Abstract:To study the pollution characteristics, sources of element and their health risk levels of elements in winter atmospheric particulate matter in Baoji City, PM_2.5 samples were collected from 2018-11-15 to 2019-01-31, and the concentrations of 18 elements including Ca, K, Fe, Al, Na, Mg, Zn, Ti, Mn, Pb, Cu, Ba, Cr, V, Sc, Ni, Se and Co were detected using energy dispersive X-ray fluorescence analyzer (ED-XRF). The results showed that the averaged mass concentration of PM_2.5 in winter in Baoji City was 95.5 μg·m^-3. The averaged PM_2.5 levels in Environmental Protection Agency of Chencang District, Baoji University of Arts and Sciences, and Monitoring Station were 107.0, 86.5 and 93.0 μg·m^-3 respectively, which all exceed the national secondary standard. The enrichment factors (EFs) method and cluster analysis method were used to explore element sources. EFs results showed that Zn and Pb were mainly from anthropogenic sources, while Ca, Fe, Na, Mg, Mn, Ba, V and Sc were mainly from natural sources.
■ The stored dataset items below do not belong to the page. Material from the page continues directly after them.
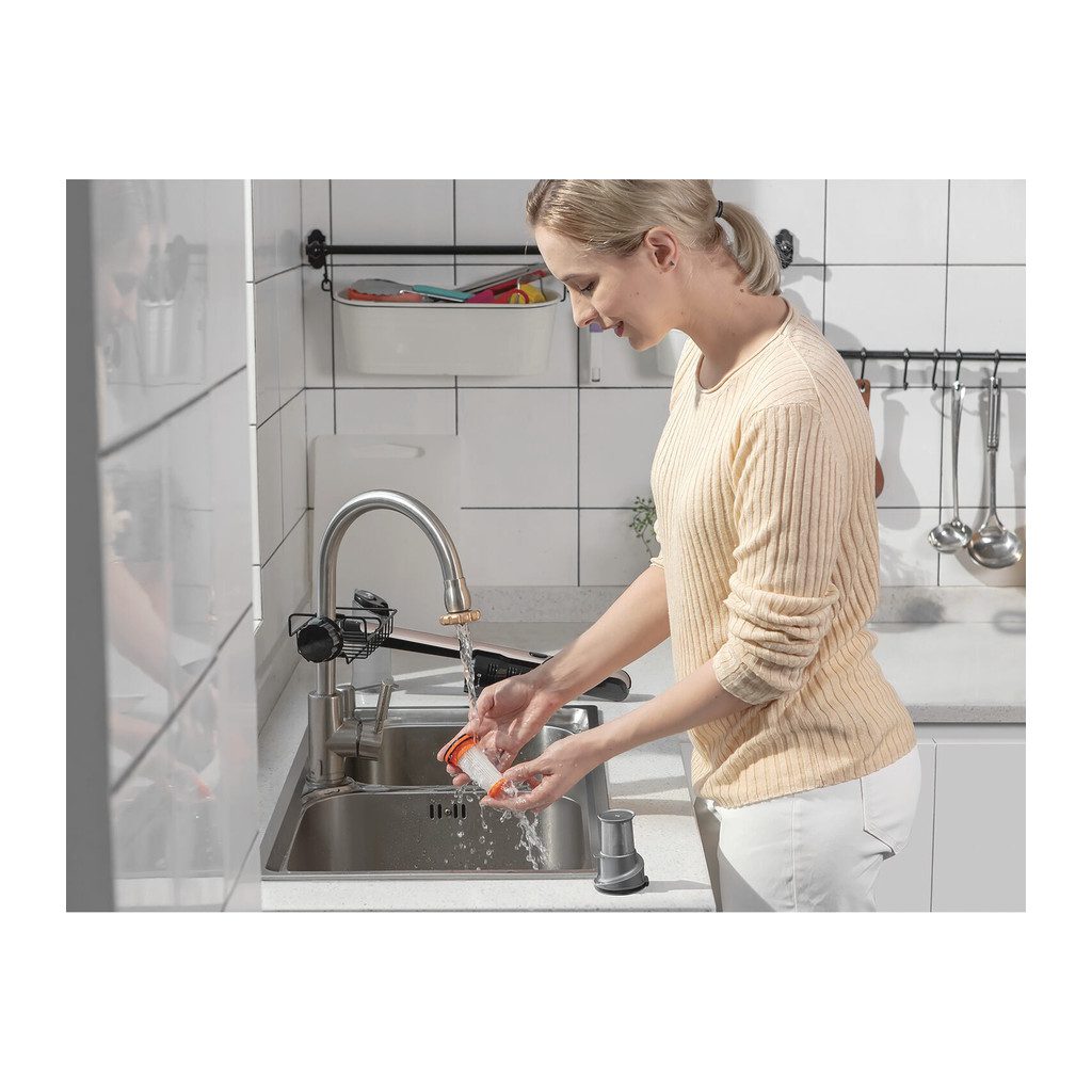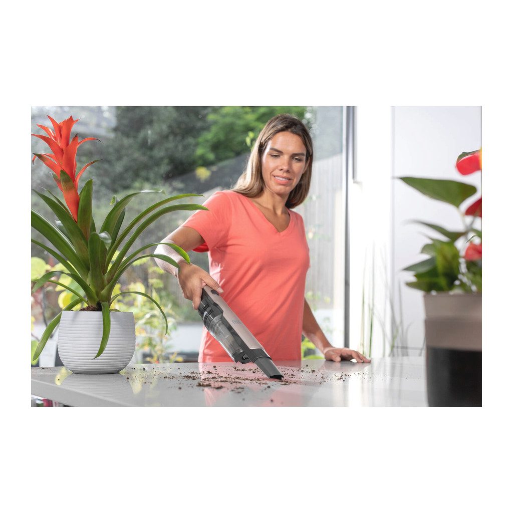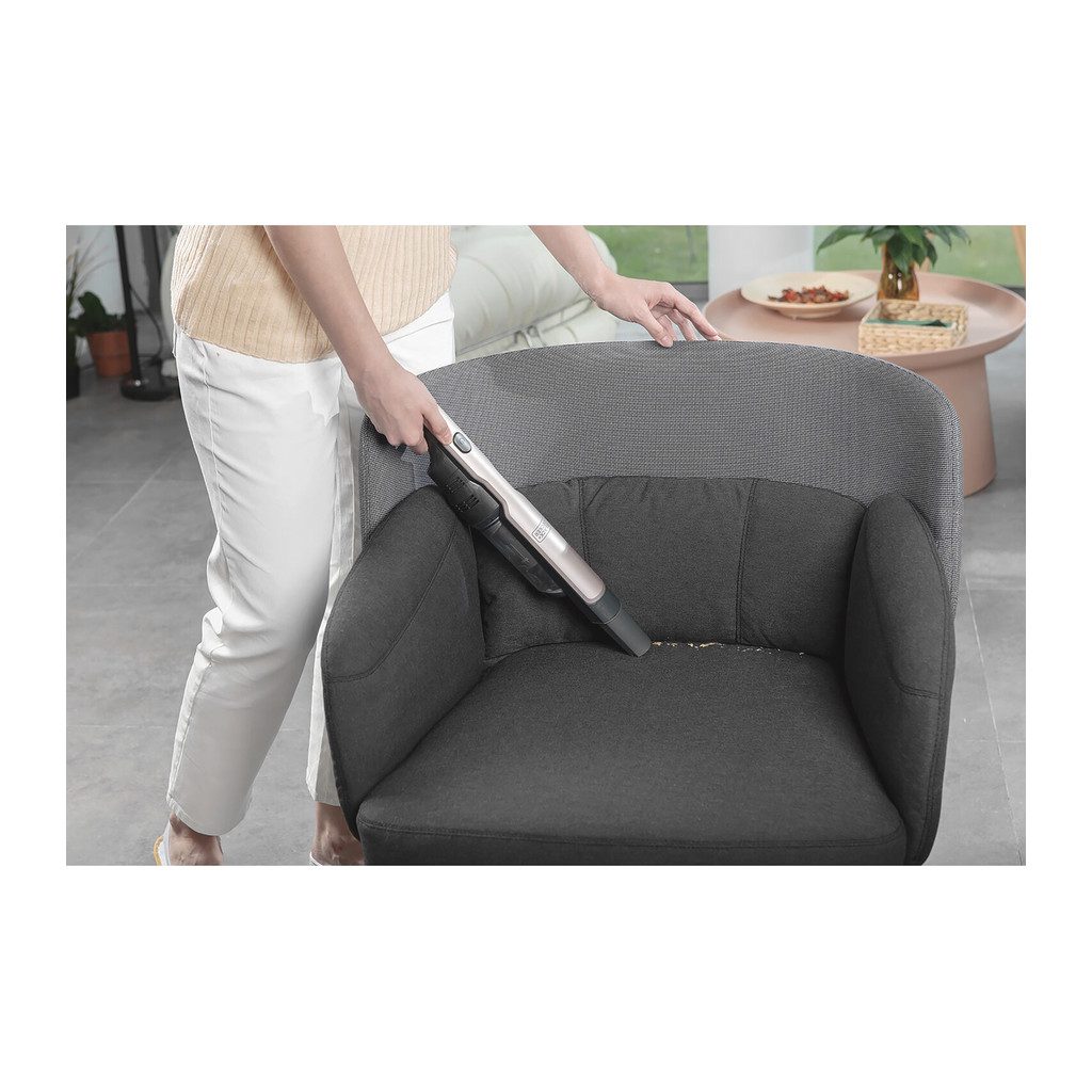 Aku ručný vysávač BLACK+DECKER je tichý. Vysáva dôkladne s dlhšou dobou chodu bez straty výkonu. Tenký, ergonomický dizajn ponúka jednoduchú manipuláciu s maximálnym komfortom a je ideálny na čistenie ťažko dostupných miest. 2 úrovne sania vám umožňujú prispôsobiť sací výkon vašim úlohám – nízka úroveň na odstraňovanie nečistôt v každodennom živote a vysoká úroveň na odstraňovanie odolných nečistôt. Priehľadná nádoba na nečistoty ponúka jednoduché vyprázdnenie stlačením tlačidla, aby sa zabránilo kontaktu s nečistotami. Jednoduché čistenie filtrov zaisťuje nepretržitý maximálny výkon.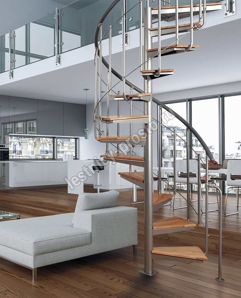 Винтовая лестница Solo vertical серебро, медовая ольха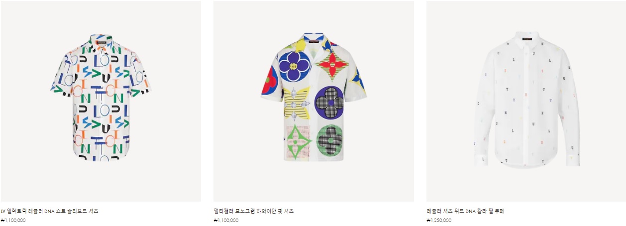 LV 일렉트릭 레귤러 DNA 쇼트 슬리브드 셔츠 ₩1,100,000 멀티컬러 모노그램 하와이안 핏 셔츠 ₩1,100,000 레귤러 셔츠 위드 DNA 칼라 필 쿠페 ₩1,250,000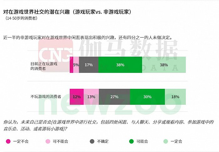 您认为,未来自己是否会[在游戏世界中进行社交,包括四处闲逛、与人聊天、分享或观看内容、参加游戏中的音乐会、活动、或者游玩小游戏]?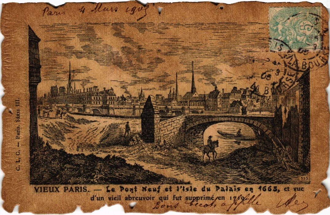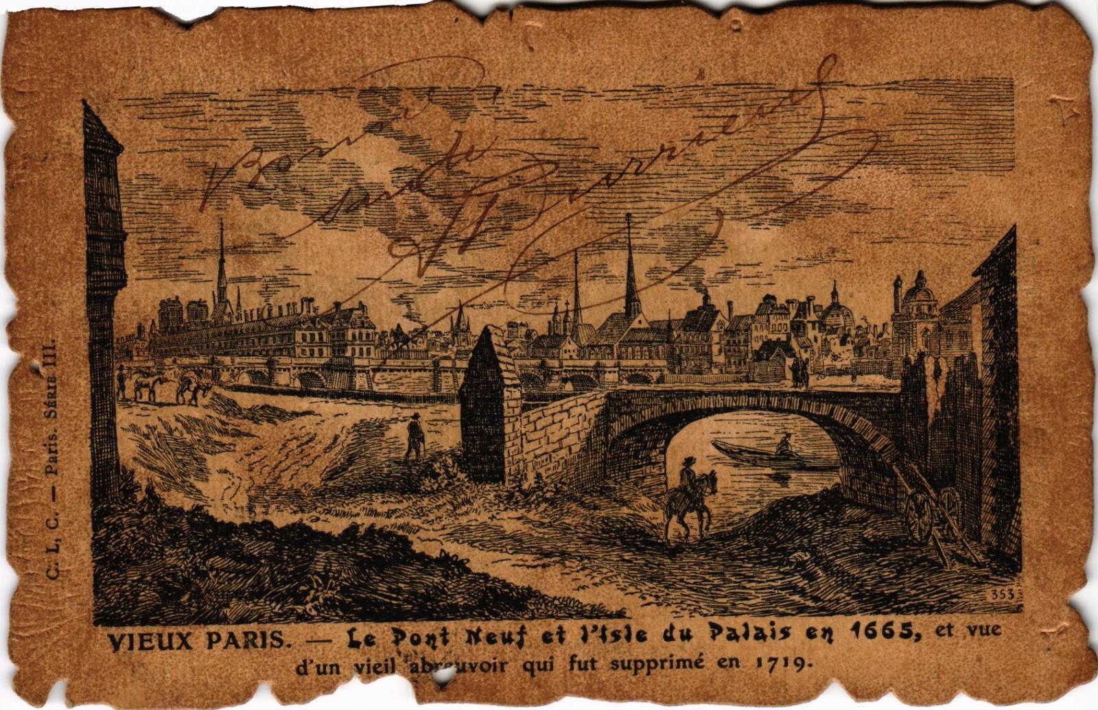 Vue du Pont-Neuf et de l'Isle du Palais du costé du Petit Bourbon en 1665, et vue d'un vieil abreuvoir qui fut supprimé en 1719.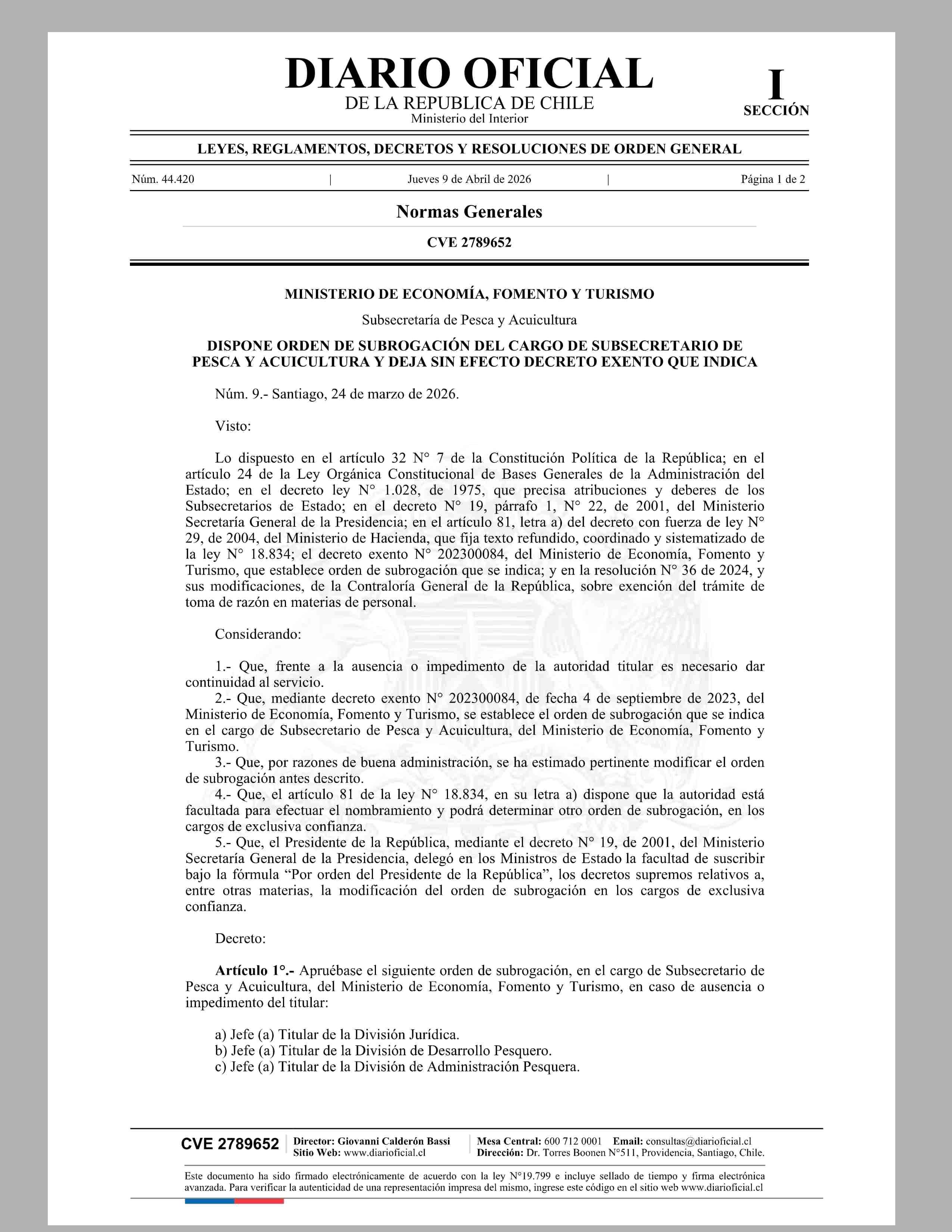 MINISTERIO DE ECONOMÍA, FOMENTO Y TURISMO 09-04-2026 Diario Oficial Edición Electrónica |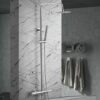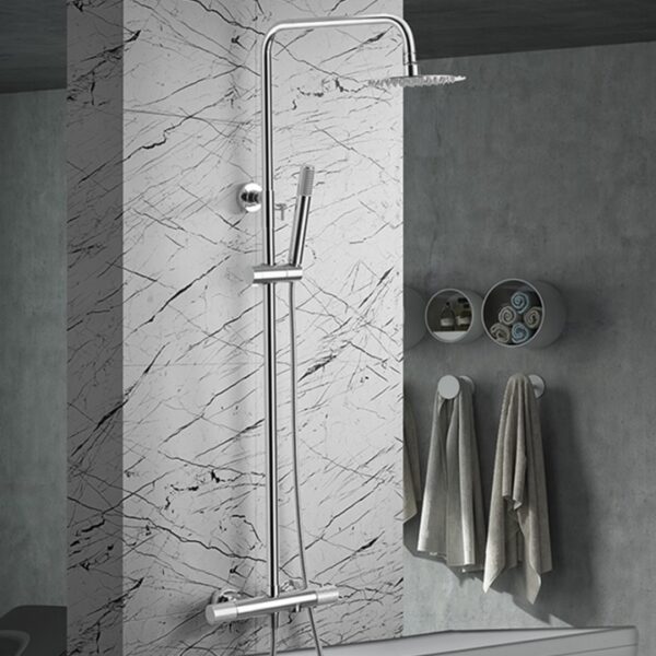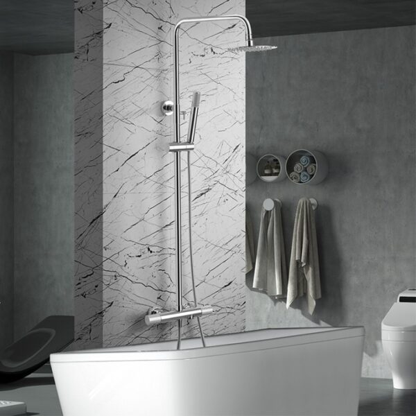 Душевая система оснащена термостатическим смесителем с коротким изливом для наполнения ванны, который автоматически регулирует температуру воды для поддержания постоянной комфортной теплоты воды. Это обеспечивает безопасность, предотвращая ожоги или резкие перепады температуры.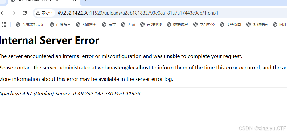 访问页面,服务器内部错误,可能是解析不了,我们上传一个.htaccess或者.user.ini来解析它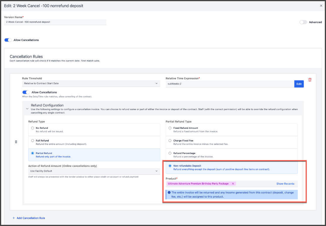 Cancellation/Deposit Refund terms can be defined from Plan configuration settings when configuring Partial Refunds on authorized cancellations: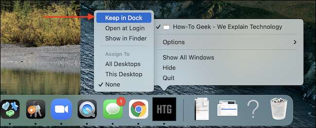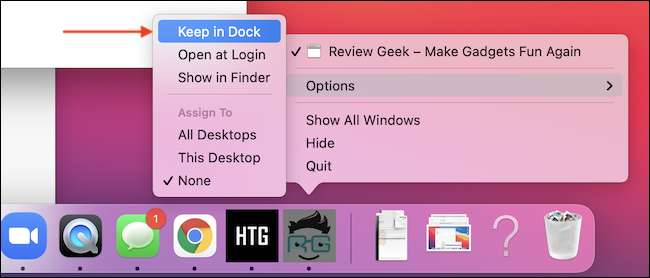 Maintenant que l'application a été créée, il est temps de Ajoutez-le au quai . Si l'application est déjà en cours d'exécution, cliquez simplement sur l'icône de l'application et choisissez Options & GT; Garder dans le quai.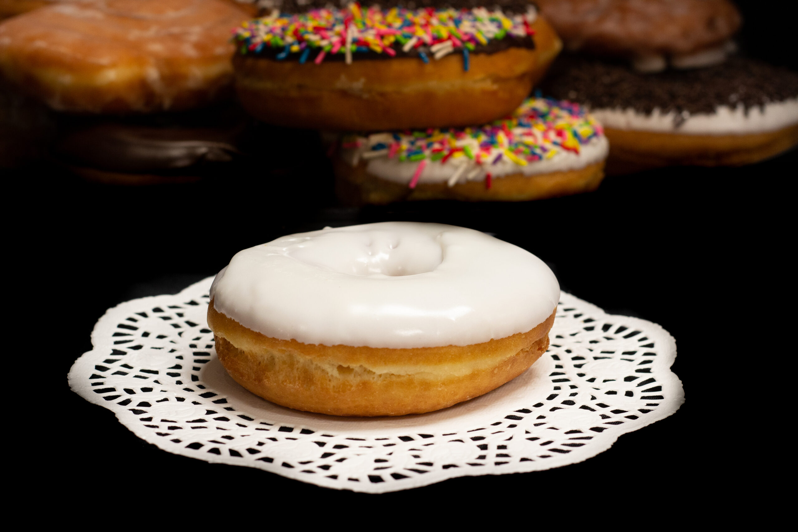 A round yeast donut topped with white icing.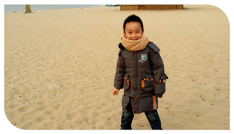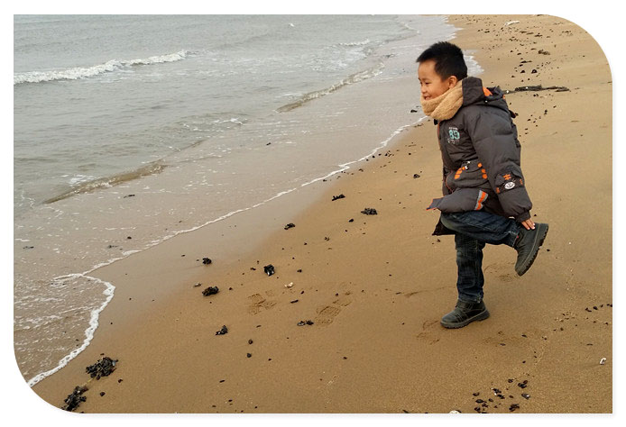 看宝贝这个举动,看到海水就想脱掉鞋子,说是要下海玩水。妈妈和爸爸都不吭声,由着小家伙折腾吧,只要宝贝不嫌凉,冬泳妈妈是支持的。臭小子用手摸了摸海边的湿沙子后又放弃了要玩水的念头了。真是不知道孩子是咋想的,是不是故意逗爸爸和妈妈玩哦......

The EF_Cu ranged from 10 to 100, suggesting that Cu was impacted by both human and natural sources. Cluster analysis showed that K was mainly from biomass burning, Al, Fe and Ca were mainly from dust sources, and Zn, Pb, Cu, Mn, Ti, Cr, Ni and Co were mainly from coal combustion, traffic and industrial sources. The health risk assessment of elements using the US National Environmental Protection Agency’s health risk evaluation model showed that both carcinogenic and non-carcinogenic risks were present as children > adult males > adult females. The non-carcinogenic risks of Pb, V, Ba, Mn, Zn, Ni, Co, Cr and Cu were all less than 1, indicating low non-carcinogenic risks to human being. The carcinogenic risk of Cr in children is between 10^-6~10^-4, which has potential carcinogenic risk to children’s health.
Key words:PM_2.5/
element/
health risks/
enrichment factor/
cluster analysis.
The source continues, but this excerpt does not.